Singapore offshore operator Marco Polo Marine has announced that its Indonesian subsidiary, PT Marcopolo Shipyard, has filed an application to place itself under a Penundaan Kewajiban Pembayaran Utang suspension of debt payment plan in accordance with Indonesia’s laws on bankruptcy and suspension of debt payment.
The move by Marco Polo will put a temporary restraint of legal proceedings against the subsidiary for 45 days.
A judge has been appointed, and a team of administrators designated, to assist the shipyard in managing its assets.
Penundaan Kewajiban Pembayaran Utang is a form of court-supervised debt restructuring plan, and the yard is now required to submit a debt restructuring plan for its creditors to consider at a creditors’ meeting which will require the consent of the majority of creditors.

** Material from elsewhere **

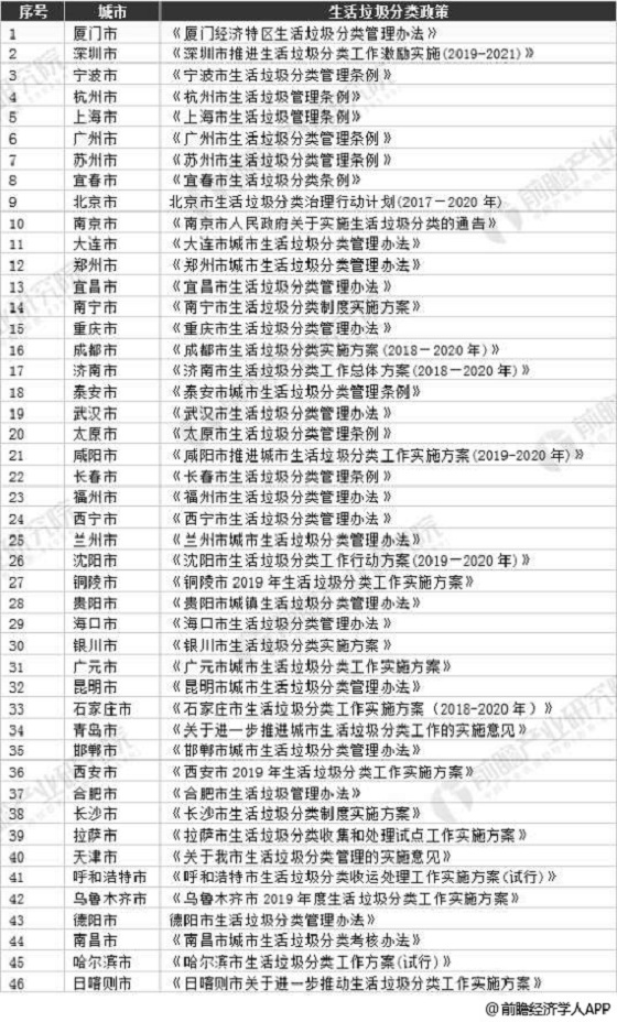 中國46個重點城市垃圾分類名單匯總情況

If a restructuring plan is not approved, Marcopolo Shipyard is likely to be placed into bankruptcy.
Marco Polo Marine’s future was thrown into serious doubt earlier this month, after the company said that a restructuring and refinancing proposal announced in April had met resistance from its lenders.
On Friday, the company filed an application to the Singapore High Court for a scheme moratorium to restrain all legal proceedings against the company while it tries to finalise a scheme of arrangement with creditors as part of the proposed restructuring and refinancing deal.